** Material provided follows **
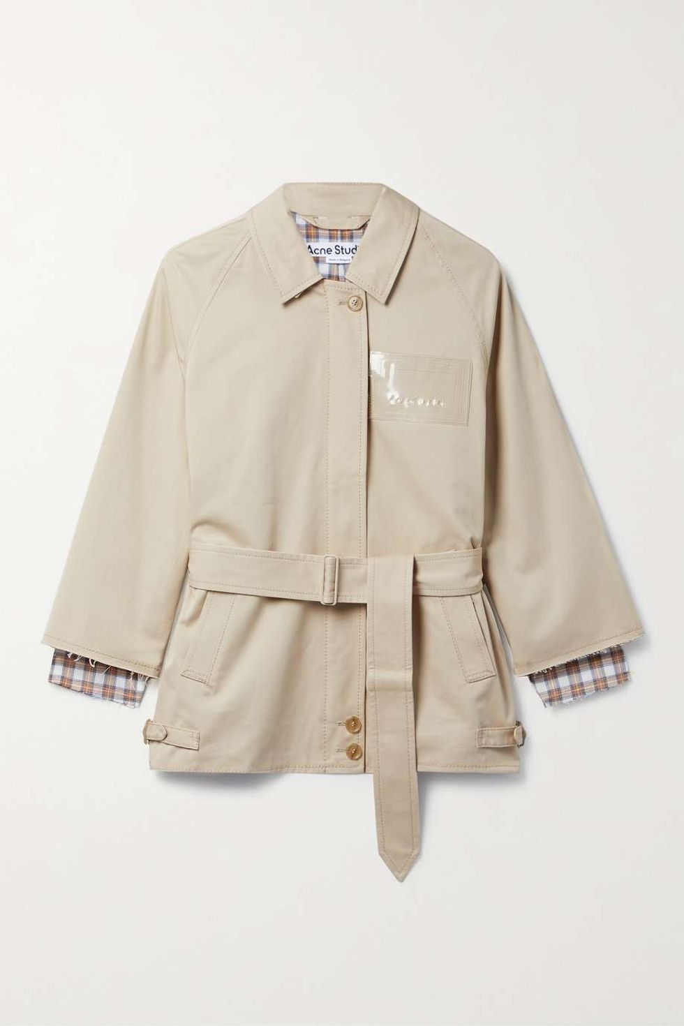 Belted Appliquéd Cotton-blend Gabardine Trench Coat
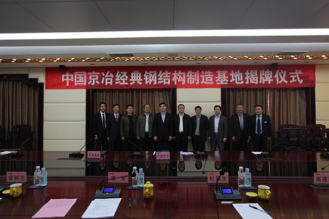 揭牌儀式前,中國京冶鋼結構事業部常務副總經理常好誦和經典集團董事長苗樹文在公司三樓會議中心共同簽訂了戰略合作框架協議。中國京冶與經典集團將本著平等、誠信、互惠、共贏的原則,利用各自優勢在鋼結構建筑領域建立長期戰略合作伙伴關系,在高層、超高層鋼結構建筑、大跨度鋼結構建筑、鋼結構住宅產業化、鋼結構工程設計施工制造管理、節能環保維護系統等領域開展項目工程合作、科研與技術合作。
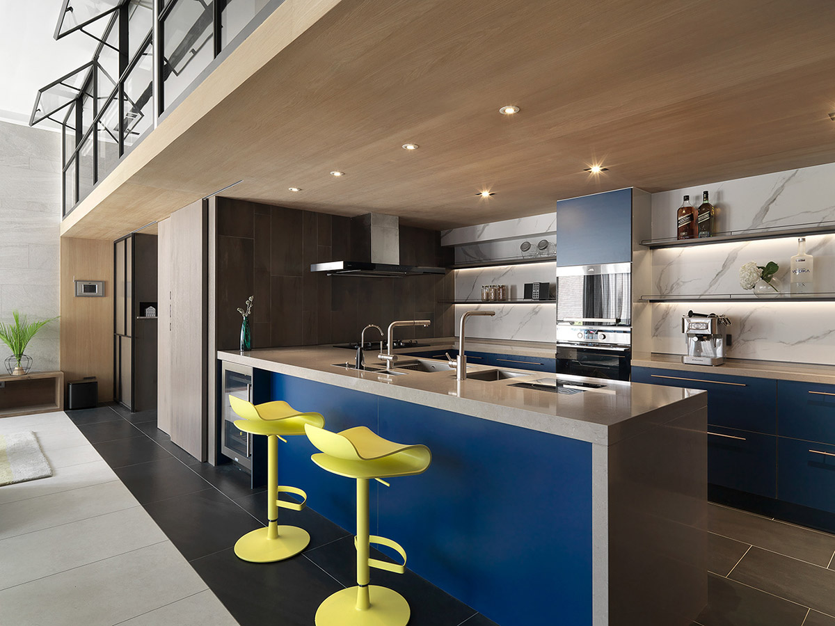 生動(dòng)的黃綠色酒吧凳子與藍(lán)色廚房壁板形成鮮明的對(duì)比。
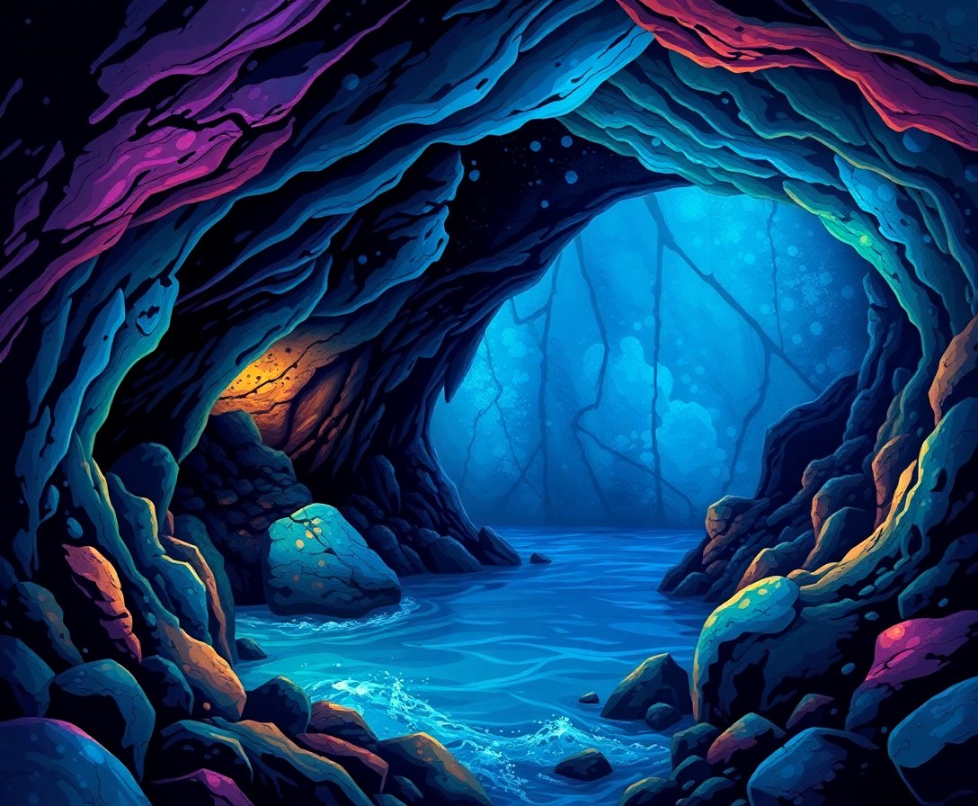 The carefully selected turquoise and luminescent paint colors create natural depth perception. The vintage color palette enhances the mystical cave atmosphere beautifully.
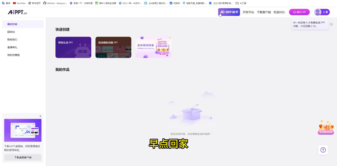 那进来以后呢,我们看到右上角可以有六个免费的电力次数啊,可以免费使用的。然后这里呢有。快速创建,还有挑选模板创建p p t。那我们来试一下。
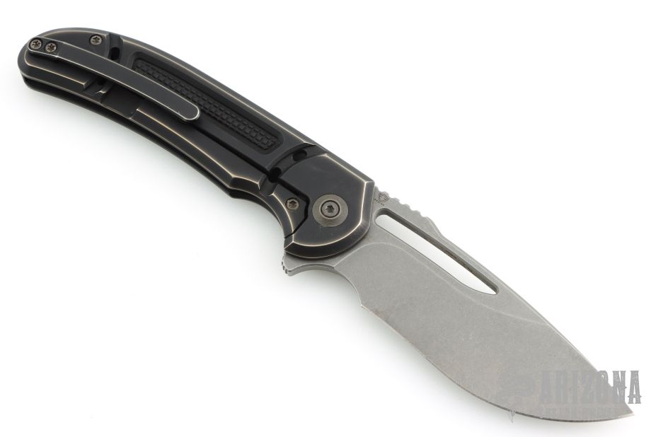 This Minax model has a bronze titanium handle and a stonewashed blade.
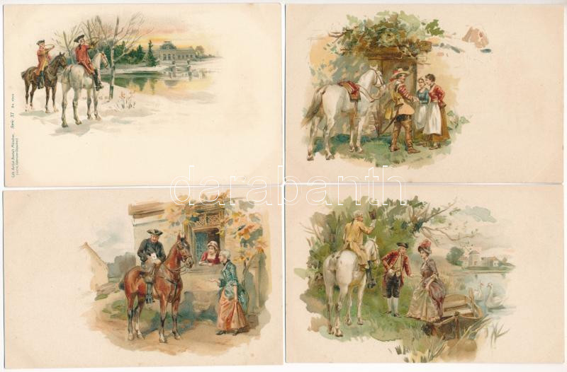 Lovasok, lovak 7 db hosszúcímzéses litho lap
** End of Material provided **
Give back each entry verbatim but drop its pictures.

 Belted Appliquéd Cotton-blend Gabardine Trench Coat
 揭牌儀式前,中國京冶鋼結構事業部常務副總經理常好誦和經典集團董事長苗樹文在公司三樓會議中心共同簽訂了戰略合作框架協議。中國京冶與經典集團將本著平等、誠信、互惠、共贏的原則,利用各自優勢在鋼結構建筑領域建立長期戰略合作伙伴關系,在高層、超高層鋼結構建筑、大跨度鋼結構建筑、鋼結構住宅產業化、鋼結構工程設計施工制造管理、節能環保維護系統等領域開展項目工程合作、科研與技術合作。
 生動(dòng)的黃綠色酒吧凳子與藍(lán)色廚房壁板形成鮮明的對(duì)比。
 The carefully selected turquoise and luminescent paint colors create natural depth perception. The vintage color palette enhances the mystical cave atmosphere beautifully.
 那进来以后呢,我们看到右上角可以有六个免费的电力次数啊,可以免费使用的。然后这里呢有。快速创建,还有挑选模板创建p p t。那我们来试一下。
 This Minax model has a bronze titanium handle and a stonewashed blade.
 Lovasok, lovak 7 db hosszúcímzéses litho lap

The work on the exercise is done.